One pooled analysis of convenience samples from patients at 8 clinical centers reported that patients diagnosed with EIN were 45 times more likely than patients diagnosed with a benign endometrium to progress to carcinoma (16). When the investigators classified participants under the WHO system, patients diagnosed with AH were only 7 times more likely than patients with non-atypical EH to progress (16). Such convenience series typically suffer from selection bias, losses-to-follow-up, suboptimal statistics, and incomplete statistical adjustment for other potential progression factors. We therefore tested whether EIN assigned by microscopic assessment was associated with subsequent risk of endometrial carcinoma in a rigorous epidemiologic study with masked pathology reviews and statistical analyses that accounted for treatment, clinical factors, and follow-up time.

METHODS

We previously described our study design (Lacey et al., submitted) and methods (7).

Study participants

Participants were members of the Kaiser Permanente Northwest (KPNW) prepaid health plan (17) who were originally diagnosed with incident EH at KPNW between 1970 and 2002 and were then diagnosed with endometrial carcinoma at least one year later. Women who were diagnosed with endometrial carcinoma less than one year after their EH diagnosis were considered to have had prevalent carcinoma at presentation and were excluded.

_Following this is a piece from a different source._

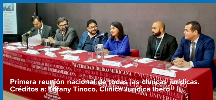
Primera reunión nacional de todas las clínicas jurídicas.

detenidas contradecían el plazo máximo constitucional para la privación de la libertad por razones administrativas.
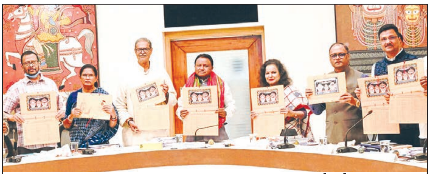
ଶ୍ରୀମନ୍ଦିର ପ୍ରଶାସନ ପକ୍ଷରୁ ପ୍ରକାଶିତ 'ଶ୍ରୀଜୀଉଙ୍କ ଯାଦିଯାତ୍ରା ଓ ପର୍ବପର୍ବାଣି' କ୍ୟାଲେଣ୍ଡର ଲୋକାର୍ପଣ ଅବସରରେ ମୁଖ୍ୟମନ୍ତ୍ରୀ ମୋହନ ଚରଣ ମାଝୀ ଓ ଅନ୍ୟମାନେ ।

We retrieved original pathology reports and diagnostic slides for all endometrial procedures, including hysterectomy. In consultation with the KPNW Department of Pathology, we translated EH terminology used before 1995 (5) into WHO nomenclature as needed (e.g., “mild” to SH, “moderate” or “adenomatous” to CH, and “severe” to AH). One pathologist (MES) reviewed all slides, assigned a WHO diagnosis, and chose a single representative slide from each accession. Two experienced pathologists (BMR and OBI) then independently reviewed the selected slides and assigned a WHO diagnosis to each specimen. We combined the three pathologists’ data to assign a single, pathology panel WHO diagnosis based on a standard algorithm of an exact match between at least two of the three reviewers (7). When all three reviewers’ classifications differed, the first reviewer’s (MES’s) classification became the panel WHO diagnosis. For analysis, diagnostic categories were negative (i.e., normal), disordered proliferative endometrium (DPEM; which represents equivocal EH (1;5;18)), SH, CH, AH (almost all of which were CAH), and carcinoma.

For simplicity, we hereafter refer to the participants’ first diagnosis of EH as their index biopsy; to the original KPNW diagnoses of the endometrial biopsy specimens as the community WHO diagnoses; and to the pathology panel diagnoses of the selected slides as the panel WHO diagnoses.

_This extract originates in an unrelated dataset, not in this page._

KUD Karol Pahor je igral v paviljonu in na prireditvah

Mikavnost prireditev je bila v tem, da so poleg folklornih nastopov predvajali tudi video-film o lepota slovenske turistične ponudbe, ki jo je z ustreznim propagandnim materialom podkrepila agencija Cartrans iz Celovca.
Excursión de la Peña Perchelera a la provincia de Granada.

We originally identified 229 potential cases based on their community WHO diagnoses: 188 women who had EH and then carcinoma, plus another 41 women who had EH and then received a community diagnosis of CAH at hysterectomy. After reviewing the original pathology reports, we excluded 15 potential cases who were miscoded as EH or carcinoma. We then excluded the 76 potential cases who had a panel WHO diagnosis of negative (N=55) or carcinoma (N=13) or whose slides were unavailable for review (N=8). This left 138 eligible cases who had a panel WHO diagnoses of DPEM (N=33), SH (N=42), CH (N=21), or AH (N=42).

Controls

We selected controls by first individually matching controls to cases on age at EH, date of EH, and length of follow-up, and then counter-matching controls to cases on the severity of the community WHO diagnosis of EH (i.e., SH, CH, or AH). We identified all women at KPNW who had incident EH at the same age (+/− 1 year) and the same date (+/− 1 year) as the cases but who did not progress to carcinoma and remained at-risk (i.e., remained alive with no hysterectomy or diagnosis of uterine cancer) for an interval at least as long as the progression interval of that case. We identified, on average, 43 potential controls for each case.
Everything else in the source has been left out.